The problem: Copy word for word the lines in the records below, starting at the line with "CMMI认证是国际公认的衡量" and ending at the line with "CROATIA / HRVATSKA". Skip the pictures.
(Beginning of Dataset records)
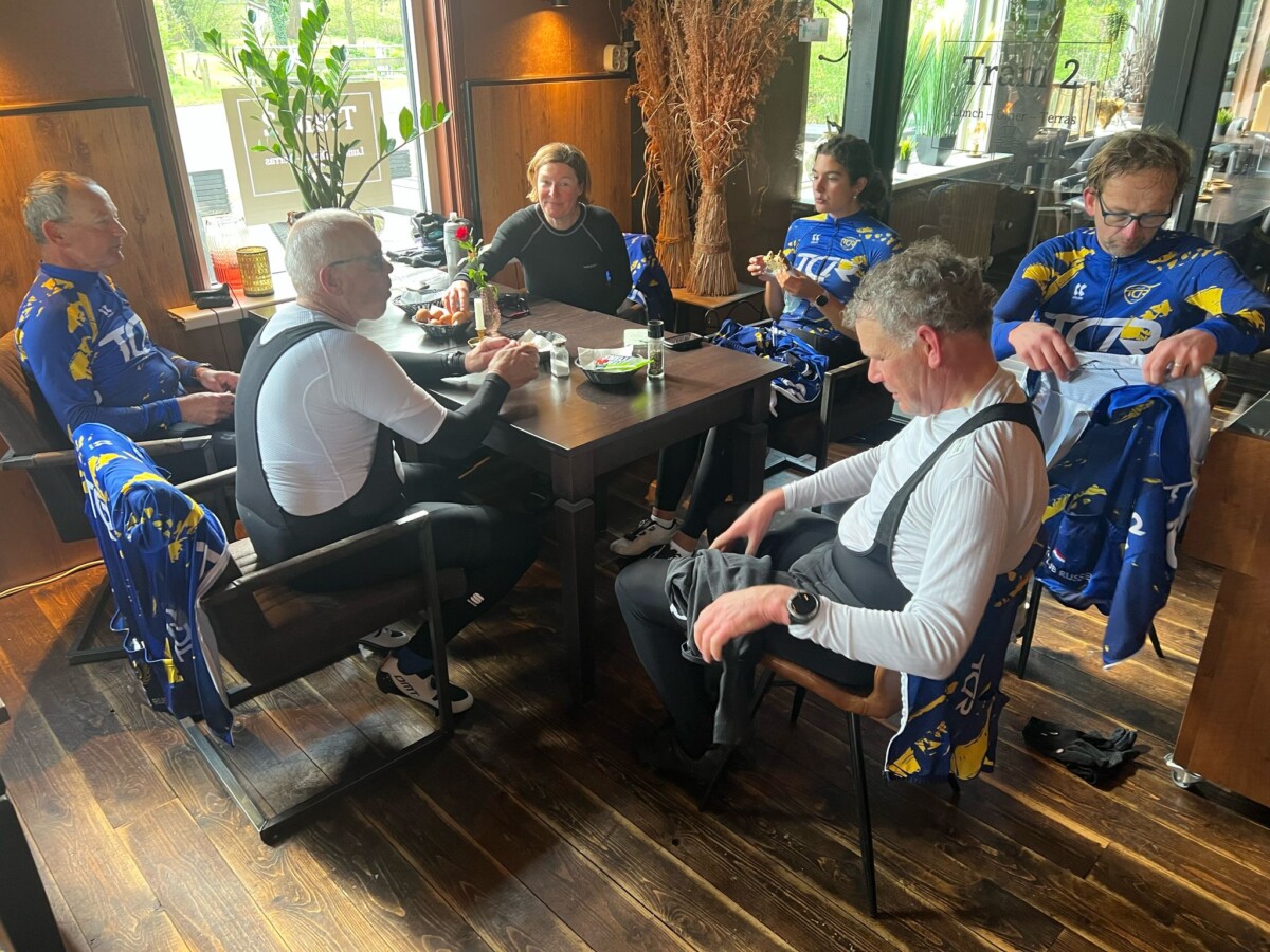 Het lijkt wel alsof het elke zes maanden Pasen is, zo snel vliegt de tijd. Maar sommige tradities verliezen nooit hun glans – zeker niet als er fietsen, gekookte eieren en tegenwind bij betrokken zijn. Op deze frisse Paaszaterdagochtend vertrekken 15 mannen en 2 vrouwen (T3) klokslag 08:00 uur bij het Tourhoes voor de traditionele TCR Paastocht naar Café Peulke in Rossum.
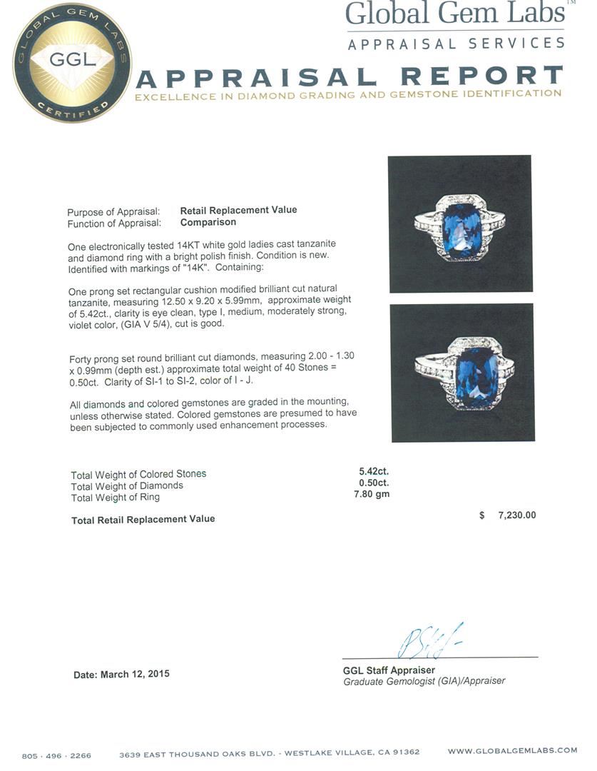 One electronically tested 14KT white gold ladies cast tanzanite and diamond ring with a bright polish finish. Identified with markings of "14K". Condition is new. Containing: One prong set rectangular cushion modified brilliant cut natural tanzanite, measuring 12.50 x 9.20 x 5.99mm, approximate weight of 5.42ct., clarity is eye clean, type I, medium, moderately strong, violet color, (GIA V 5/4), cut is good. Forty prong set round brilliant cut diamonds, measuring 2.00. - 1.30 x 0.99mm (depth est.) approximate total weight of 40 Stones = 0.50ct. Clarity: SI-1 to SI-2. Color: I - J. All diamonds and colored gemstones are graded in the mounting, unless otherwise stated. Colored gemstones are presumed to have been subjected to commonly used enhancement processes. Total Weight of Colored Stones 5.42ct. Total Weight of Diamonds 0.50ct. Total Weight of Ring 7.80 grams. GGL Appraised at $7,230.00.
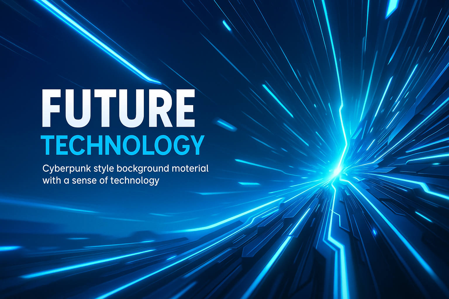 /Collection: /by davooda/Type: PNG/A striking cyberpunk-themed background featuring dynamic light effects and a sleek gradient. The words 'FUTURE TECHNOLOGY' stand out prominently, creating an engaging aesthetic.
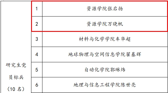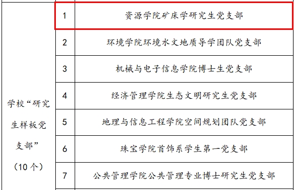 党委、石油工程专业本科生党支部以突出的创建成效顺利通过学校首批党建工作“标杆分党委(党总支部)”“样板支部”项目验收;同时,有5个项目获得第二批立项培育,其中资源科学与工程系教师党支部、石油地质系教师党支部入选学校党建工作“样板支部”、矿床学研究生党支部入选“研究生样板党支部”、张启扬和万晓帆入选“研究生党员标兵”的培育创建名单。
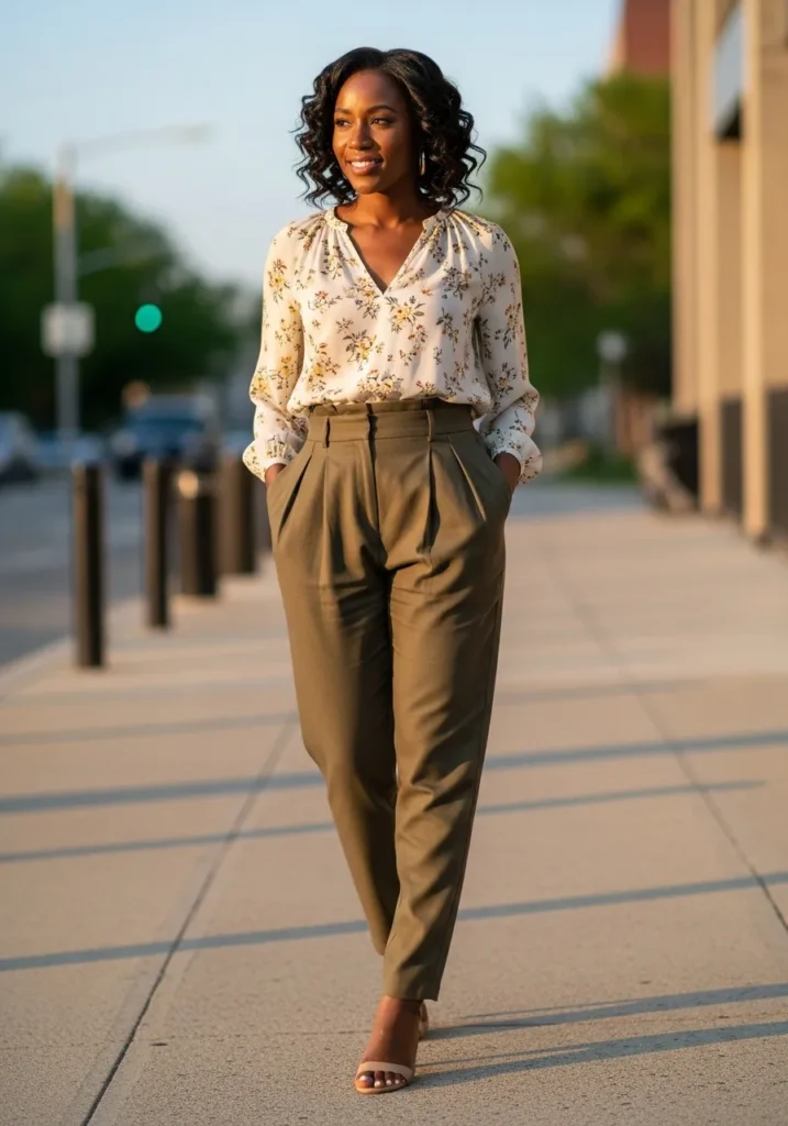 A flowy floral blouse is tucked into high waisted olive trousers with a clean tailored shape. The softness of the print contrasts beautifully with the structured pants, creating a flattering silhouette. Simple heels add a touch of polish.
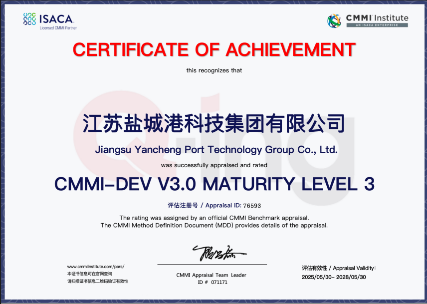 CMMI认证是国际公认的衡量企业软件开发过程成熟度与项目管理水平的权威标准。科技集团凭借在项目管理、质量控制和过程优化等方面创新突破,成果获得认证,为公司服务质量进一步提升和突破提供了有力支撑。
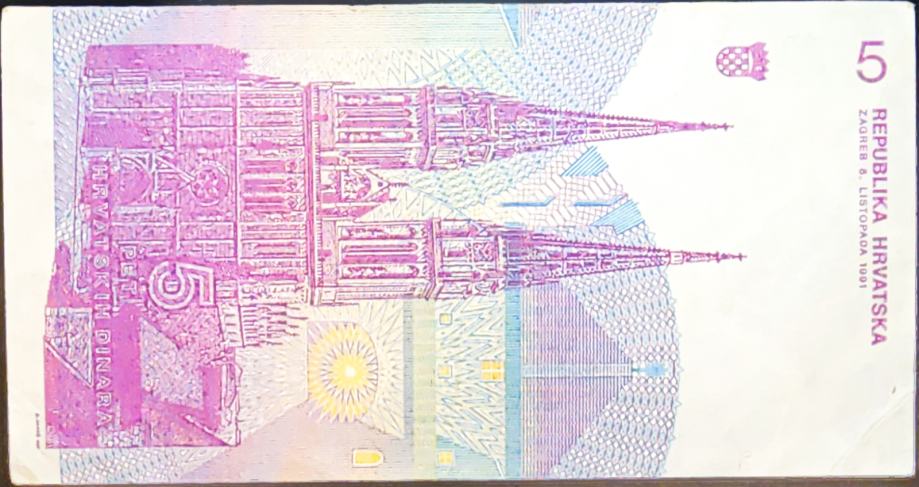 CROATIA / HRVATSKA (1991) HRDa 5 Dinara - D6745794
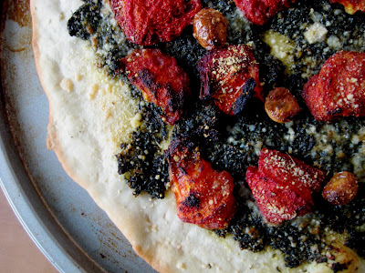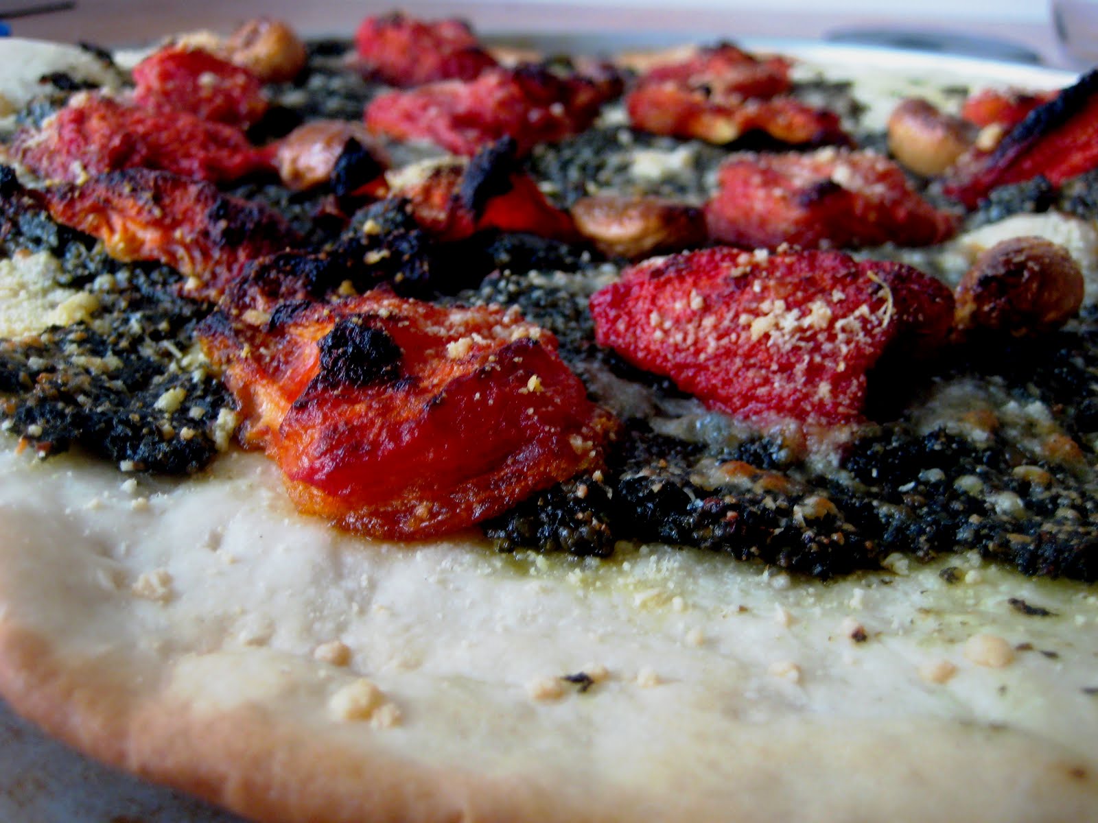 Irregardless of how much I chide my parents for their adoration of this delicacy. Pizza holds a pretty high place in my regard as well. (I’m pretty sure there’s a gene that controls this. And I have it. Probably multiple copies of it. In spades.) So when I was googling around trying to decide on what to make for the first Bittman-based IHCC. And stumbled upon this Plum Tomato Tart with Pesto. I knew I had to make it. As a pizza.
(End of Dataset records)
Exercise solution:
 CMMI认证是国际公认的衡量企业软件开发过程成熟度与项目管理水平的权威标准。科技集团凭借在项目管理、质量控制和过程优化等方面创新突破,成果获得认证,为公司服务质量进一步提升和突破提供了有力支撑。
 CROATIA / HRVATSKA (1991) HRDa 5 Dinara - D6745794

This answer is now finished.